Stored records
____

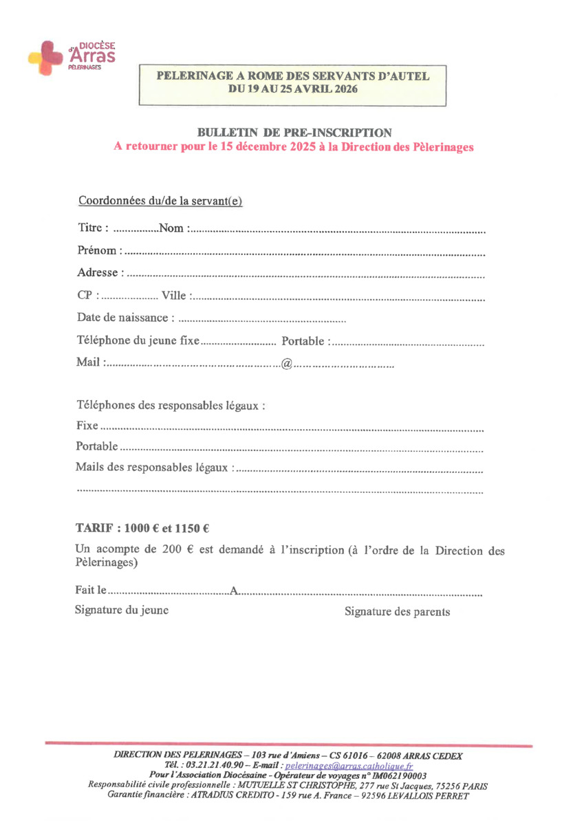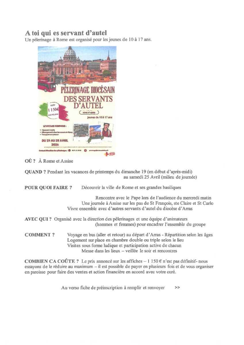 Pèlerinage à Rome et Assise en autocar pour les servants d'autel de 10 à 17 ans - bulletin de pré-inscription
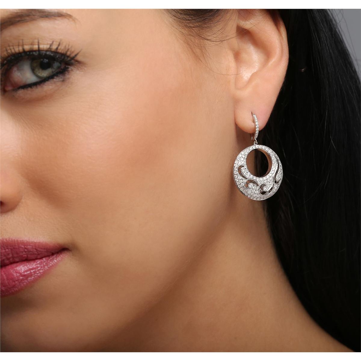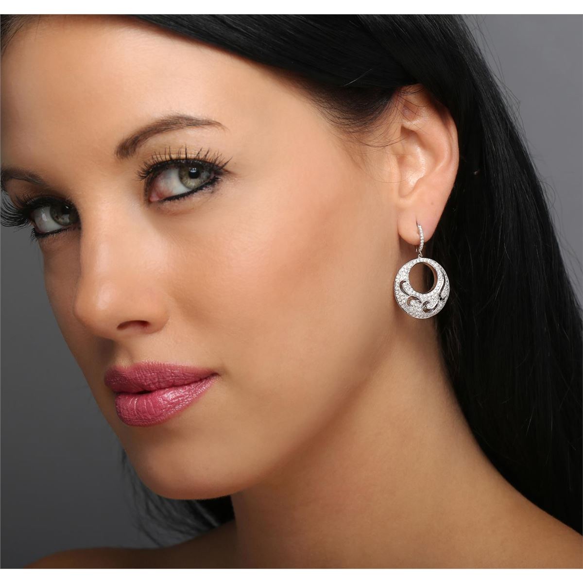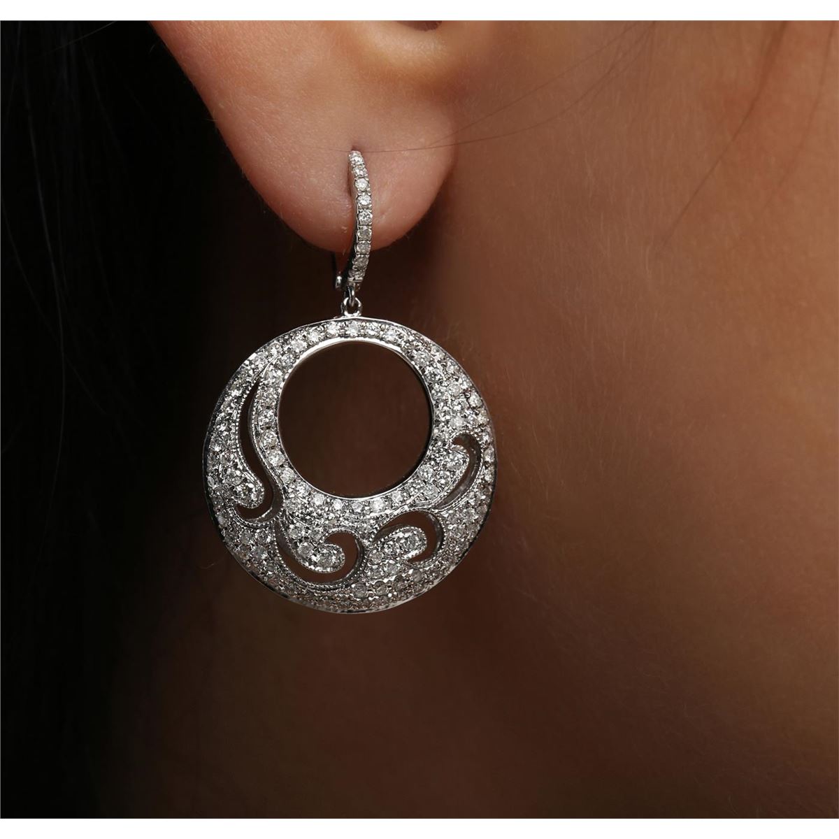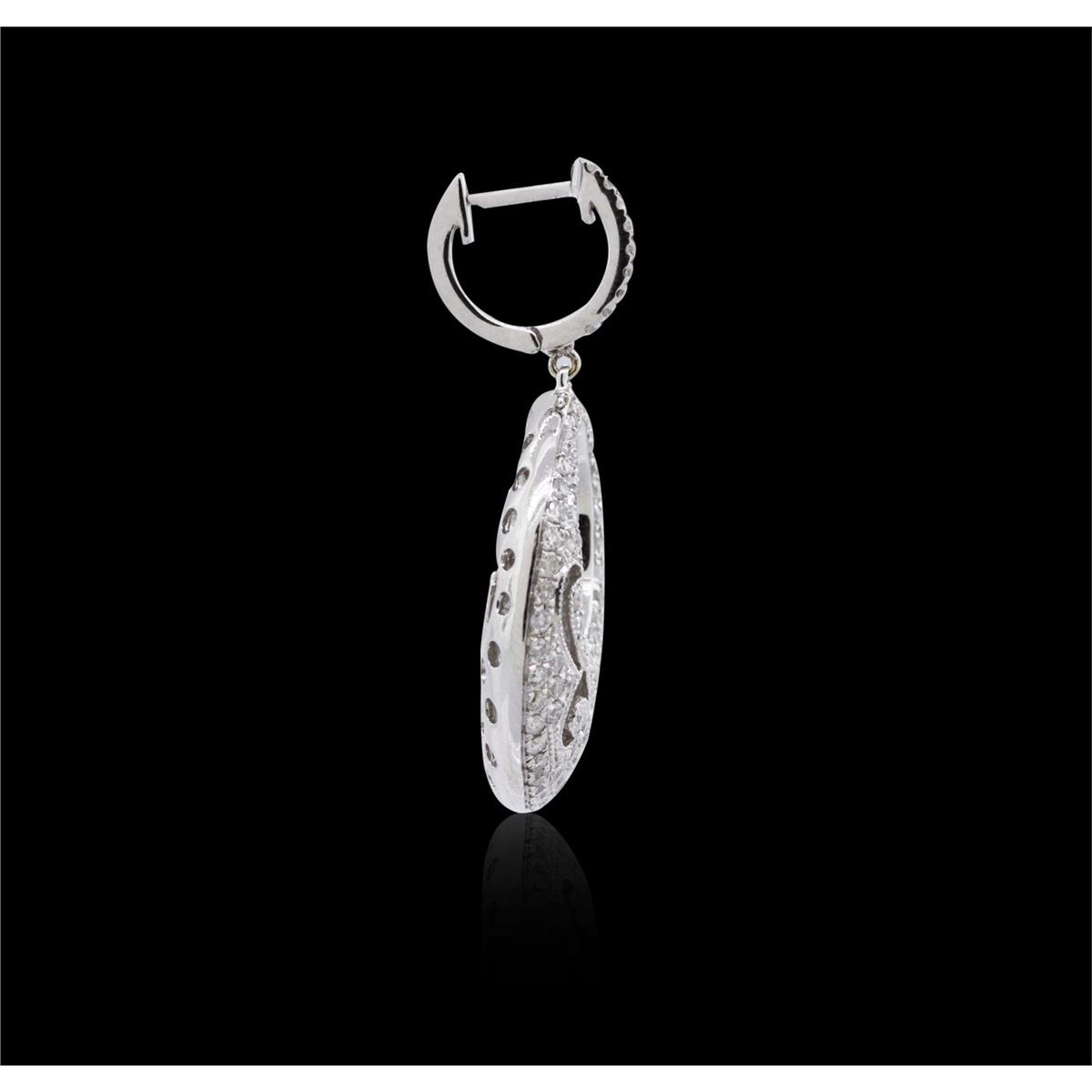 One pair of earrings featuring: 14KT white gold weighing 10.00 grams containing round cut diamonds with a total weight of 1.57cts.
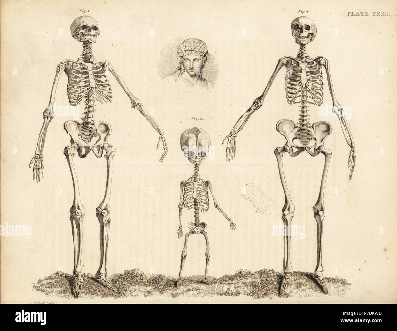Confronto Di Scheletri Del Maschio Umano Femmina E Feto Alla Nascita Incisione Su Rame Di Edward
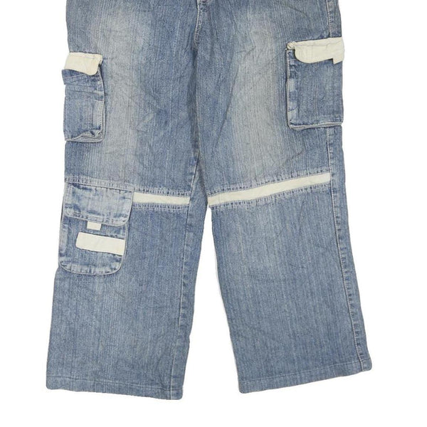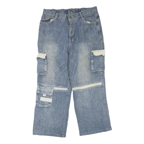 Mens Blue Cargo Regular Fit Cotton Blend Zip Denim Jeans W34 L25 Workwear
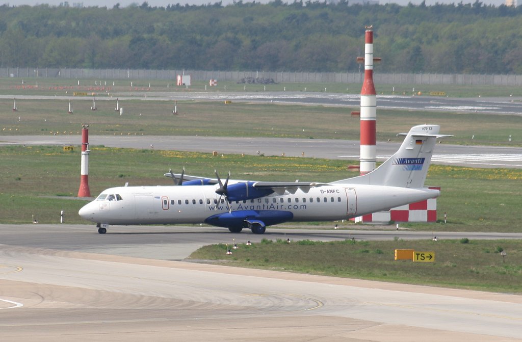Das Flugzeug ist eine Aerospatiale ATR 42-500 der Avanti Air

____

### WORK INSTRUCTION
From the line with "Mens Blue Cargo" down to the final line of the entries above, repeat each line exactly; omit the pictures.

### SOLVED PROBLEM
 Mens Blue Cargo Regular Fit Cotton Blend Zip Denim Jeans W34 L25 Workwear
Das Flugzeug ist eine Aerospatiale ATR 42-500 der Avanti Air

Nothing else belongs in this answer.